「Re:ゼロから始める異世界生活」第六章の主舞台となるプレアデス監視塔は、賢者シャウラが400年もの間ただ独りで守り続けた、アウグリア砂丘の最奥に屹立する七層構造の試練の塔である。各階層にはギリシャ神話のプレイアデス七姉妹の名が冠せられ、そこに住まう精霊・試験官たちは、訪れる挑戦者から「正しい後継者」を選び抜くために設けられた壮大な機構の一部であった。

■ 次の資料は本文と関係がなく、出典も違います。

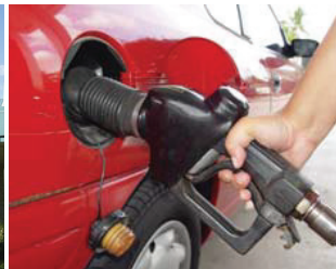
Service stations, including gas stations & automotive repair shops

本記事では、マイア・エレクトラ・タイゲタ・アルキオネ・ケラエノ・アステローペ・メローぺ——七つの層に込められた意味、各層を守る精霊と試験官、そして第六章でスバル・エミリア一行が辿った突破の軌跡を、原作小説の記述に沿って徹底的に解説する。なお関連解説はプレアデス監視塔の総合解説とArc6監視塔編まとめも合わせて参照されたい。
プレアデス監視塔とは——七層構造の試練の塔
プレアデス監視塔は、ルグニカ王国の遥か南、人跡未踏とされたアウグリア砂丘の最奥に屹立する巨大な石造の塔である。砂丘そのものが「光の針」と呼ばれる無数の魔法の針によって守られ、許されざる侵入者を砂上で焼き払うため、外部から塔へ到達することすら困難を極める。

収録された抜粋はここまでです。